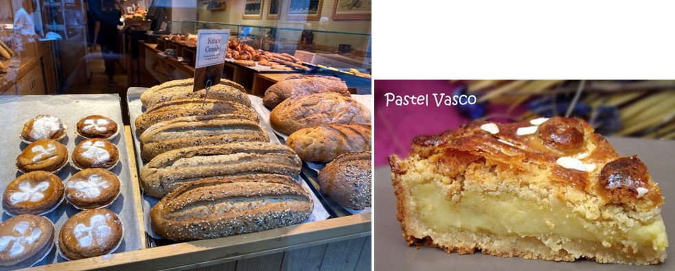 Hier heisst die lokale Gebäck-Spezialität ‘Pastel Vasco’ (ganz links). Ich habe natürlich gleich ein Küchlein gekostet. Der buttrige Rührteig war richtig gut, aber die Creme darin eine von der Sorte, die im Falle eines Falles Wurfes glatt an der Wand kleben bleiben würde. Die Pasteis de Nata aus Portugal bleiben vorläufig unangefochtene Auslandgebäck-Sieger.
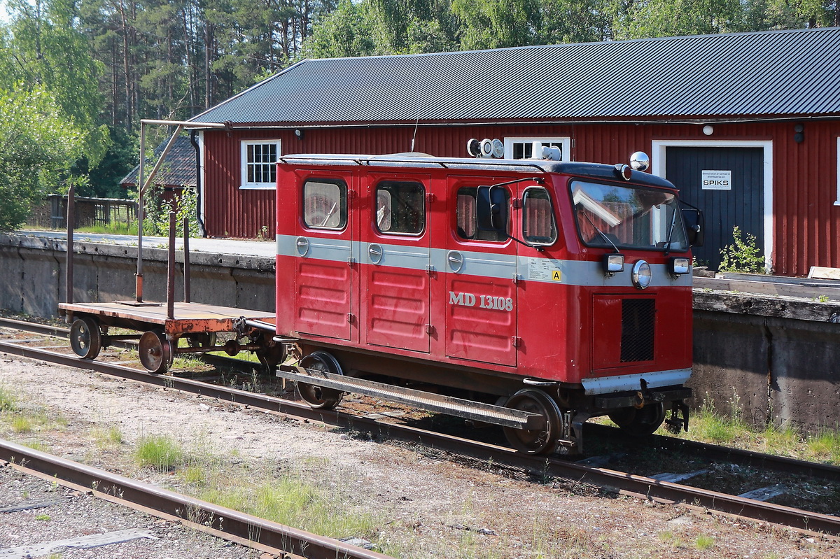 An der Station Jokkmokk (Schweden) steht am 27. Juni 2022 ein Manschaftswagen MD 131808 mit Anhänger.
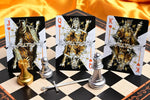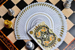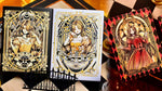 CHESS deck series is set in the 17th-century Baroque period of the Holy Roman Empire, creating a world view of a mirror-interwoven twin royal courts. The White Court is modeled after the Prague Crystal Palace, featuring Rococo-style gilded decorations and colorful glass domes; the black court is inspired by the Bratislava Fortress, presenting a dual image of dark red velvet curtains and bronze relief structures in the Gothic style. The two female chess players respectively control the two power systems of light and chaos, projecting a dual metaphor of royal power struggles and theological games in the chessboard confrontation.
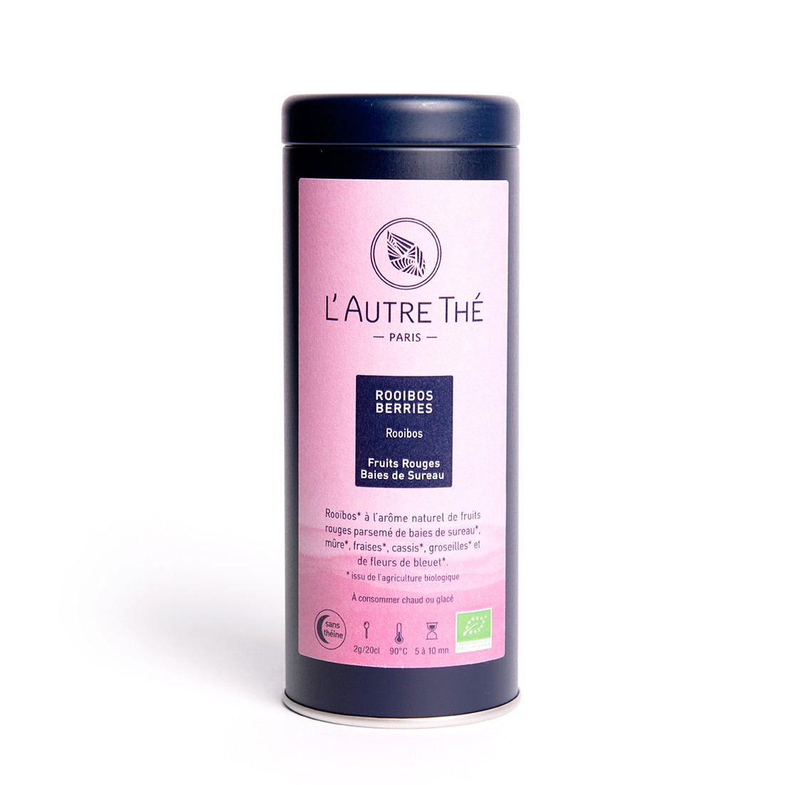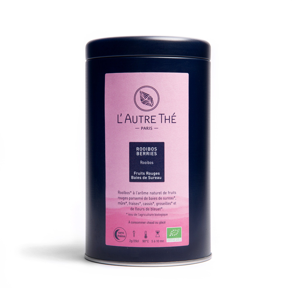 Rooibos*, arôme naturel de fraise, arôme naturel de cassis, baie de sureau*, mûre*, cassis*, groseille*, fleurs de bleuet*. *Issu de l’agriculture biologiqueDescription
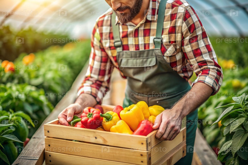 Сельскохозяйственная промышленность. деревянный ящик с перцем в руках фермера. садовник собирает богатый урожай в теплице
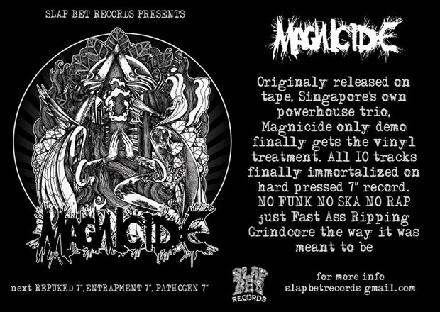 Magnicide’s only demo finally pressed on a 7″ – S$13 (local by hand), 7 Euro (rest of the world) + postage, email slapbetrecords at gmail dot com https://www.facebook.com/pages/Magnicide/153469081351311
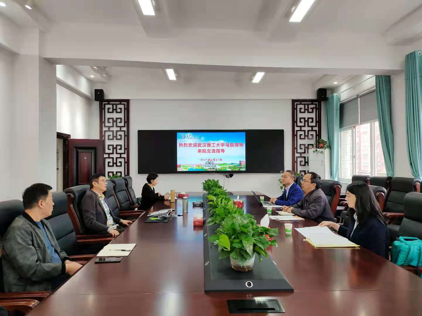 为加强LETOU体育平台马克思主义学院和武汉理工大学马克思主义学院在马克思主义理论学科建设与思想政治理论课教学改革与创新等方面的交流,2021年4月27日上午,武汉理工大学马克思主义学院副院长邓喜道教授、形势与政策教研中心支部书记王堂生副教授、吴琳副教授来到LETOU体育平台马克思主义学院进行交流。本次会议由学院院长陈万球教授主持,学院副书记周展、党政办主任平伟军、教师代表钟芙蓉博士参加。
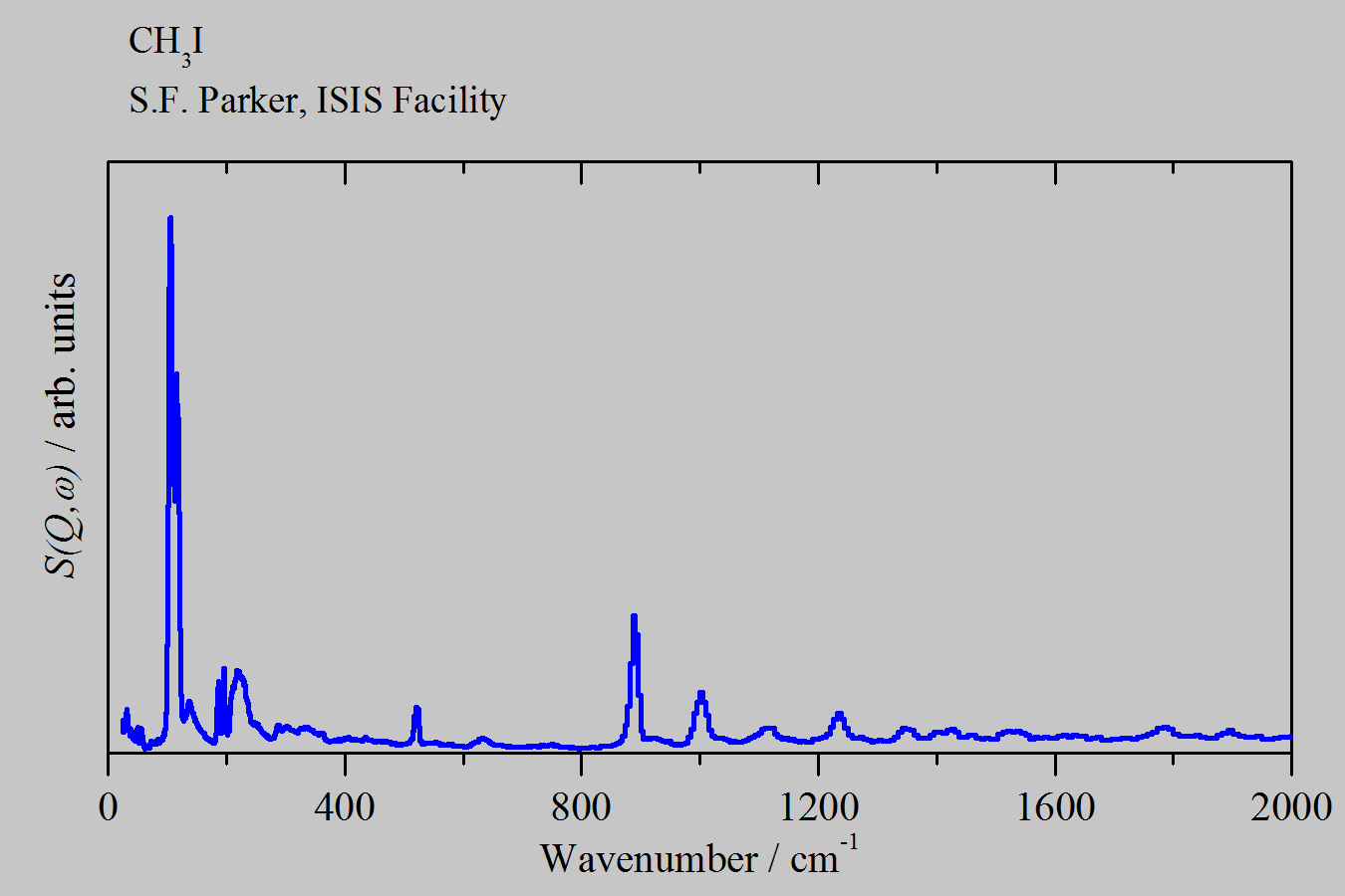 Inelastic Neutron Scattering spectrum of Iodomethane, CH₃I, measured on the TOSCA instrument.
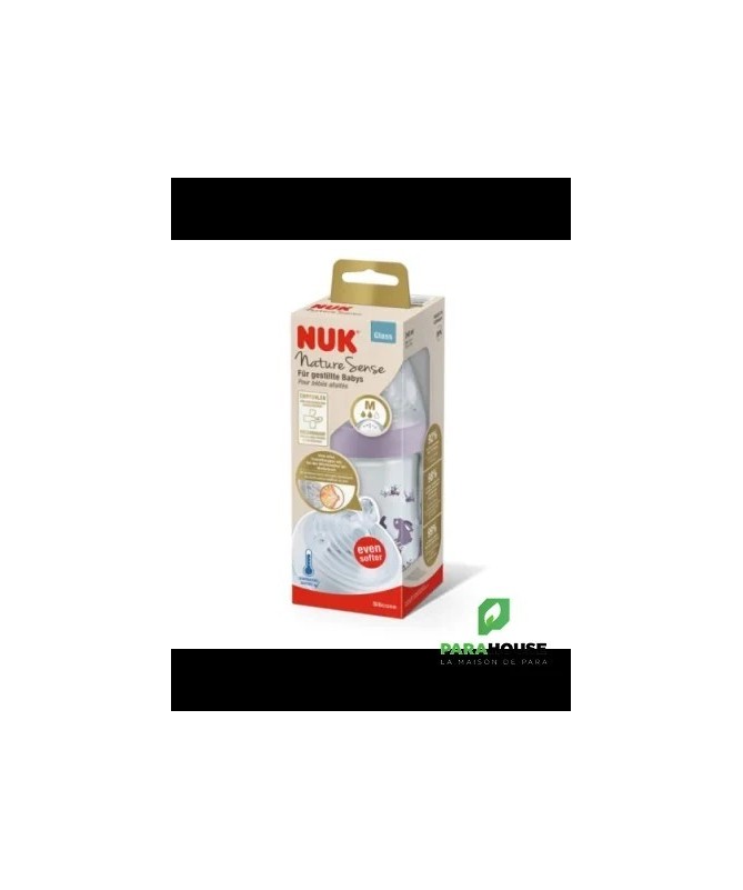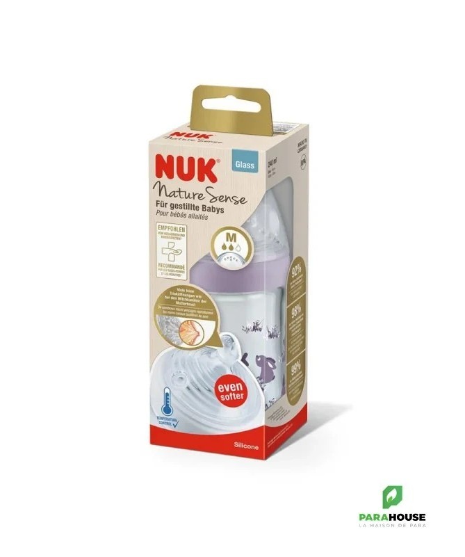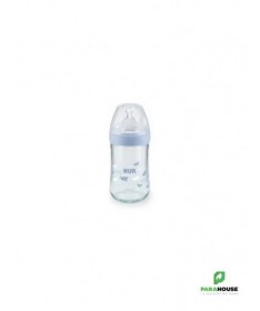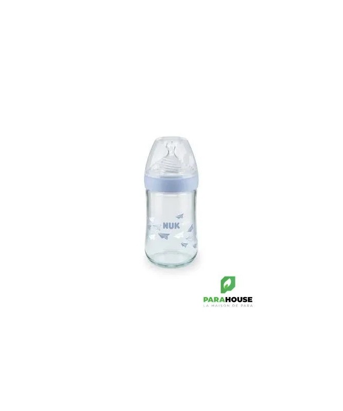 Nous vous proposons le biberon en verre NUK qui est recommandé par 99 % des mamans qu’elles l’ont utilisé.Le biberon NUK est :– contrôle de température– en verre avec un col large– capacité de 240 ml– muni d’une tétine qui simule le sein maternel –– avec une tétine micro-perçage pour un débit de lait doux, régulier et naturel– anti-colique en prévenant l’aspiration de l’airLes statistiques confirment que 92 % des bébés acceptent directement la tétine souple et sans BPA du biberon en verre 240 ml de NUK.
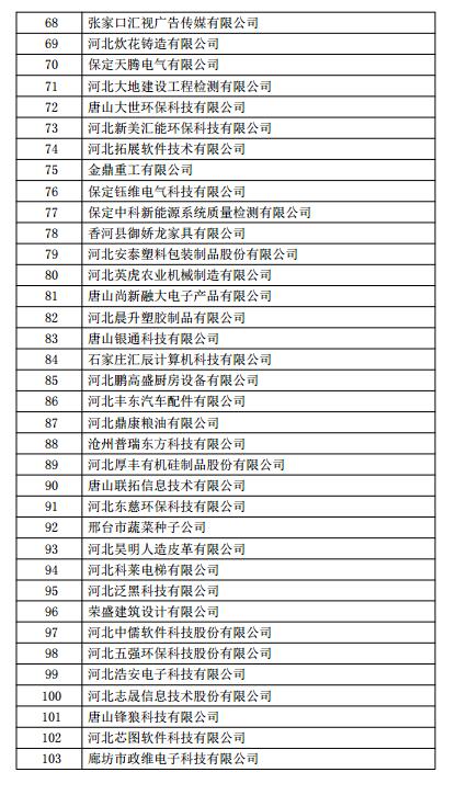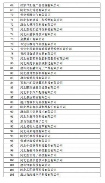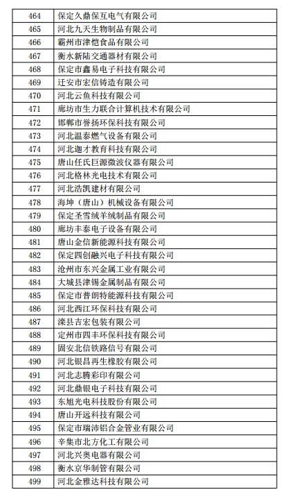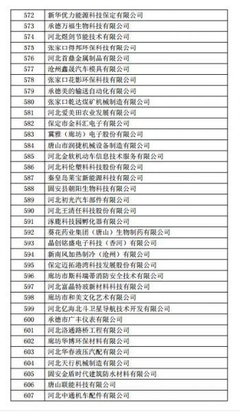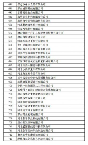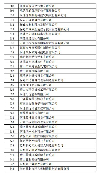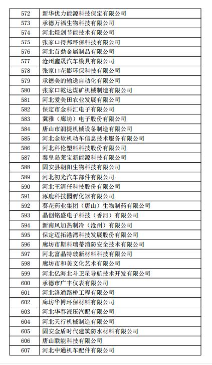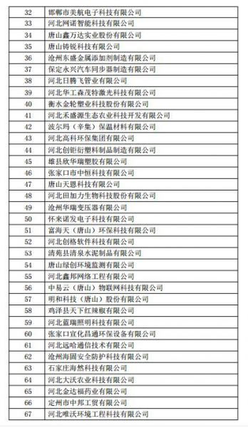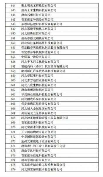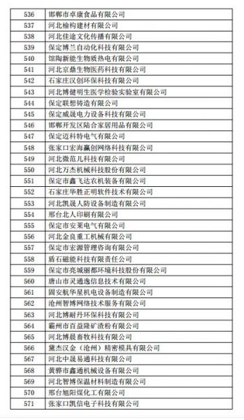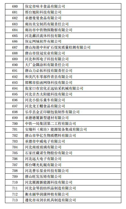 根据《高新技术企业认定管理办法》(国科发火〔2016〕32号)和《高新技术企业认定管理工作指引》(国科发火〔2016〕195号)有关规定,现将河北省2018年第一批713家企业拟认定高新技术企业名单(详见附件)予以公示,公示期为10个工作日。

● ● ● ● ● ● ●

→ **Problem statement**:
Set down every line above exactly, pictures excluded.

→ **Task output**:
 Hier heisst die lokale Gebäck-Spezialität ‘Pastel Vasco’ (ganz links). Ich habe natürlich gleich ein Küchlein gekostet. Der buttrige Rührteig war richtig gut, aber die Creme darin eine von der Sorte, die im Falle eines Falles Wurfes glatt an der Wand kleben bleiben würde. Die Pasteis de Nata aus Portugal bleiben vorläufig unangefochtene Auslandgebäck-Sieger.
 An der Station Jokkmokk (Schweden) steht am 27. Juni 2022 ein Manschaftswagen MD 131808 mit Anhänger.
 CHESS deck series is set in the 17th-century Baroque period of the Holy Roman Empire, creating a world view of a mirror-interwoven twin royal courts. The White Court is modeled after the Prague Crystal Palace, featuring Rococo-style gilded decorations and colorful glass domes; the black court is inspired by the Bratislava Fortress, presenting a dual image of dark red velvet curtains and bronze relief structures in the Gothic style. The two female chess players respectively control the two power systems of light and chaos, projecting a dual metaphor of royal power struggles and theological games in the chessboard confrontation.
 Rooibos*, arôme naturel de fraise, arôme naturel de cassis, baie de sureau*, mûre*, cassis*, groseille*, fleurs de bleuet*. *Issu de l’agriculture biologiqueDescription
 Сельскохозяйственная промышленность. деревянный ящик с перцем в руках фермера. садовник собирает богатый урожай в теплице
 Magnicide’s only demo finally pressed on a 7″ – S$13 (local by hand), 7 Euro (rest of the world) + postage, email slapbetrecords at gmail dot com https://www.facebook.com/pages/Magnicide/153469081351311
 为加强LETOU体育平台马克思主义学院和武汉理工大学马克思主义学院在马克思主义理论学科建设与思想政治理论课教学改革与创新等方面的交流,2021年4月27日上午,武汉理工大学马克思主义学院副院长邓喜道教授、形势与政策教研中心支部书记王堂生副教授、吴琳副教授来到LETOU体育平台马克思主义学院进行交流。本次会议由学院院长陈万球教授主持,学院副书记周展、党政办主任平伟军、教师代表钟芙蓉博士参加。
 Inelastic Neutron Scattering spectrum of Iodomethane, CH₃I, measured on the TOSCA instrument.
 Nous vous proposons le biberon en verre NUK qui est recommandé par 99 % des mamans qu’elles l’ont utilisé.Le biberon NUK est :– contrôle de température– en verre avec un col large– capacité de 240 ml– muni d’une tétine qui simule le sein maternel –– avec une tétine micro-perçage pour un débit de lait doux, régulier et naturel– anti-colique en prévenant l’aspiration de l’airLes statistiques confirment que 92 % des bébés acceptent directement la tétine souple et sans BPA du biberon en verre 240 ml de NUK.
 根据《高新技术企业认定管理办法》(国科发火〔2016〕32号)和《高新技术企业认定管理工作指引》(国科发火〔2016〕195号)有关规定,现将河北省2018年第一批713家企业拟认定高新技术企业名单(详见附件)予以公示,公示期为10个工作日。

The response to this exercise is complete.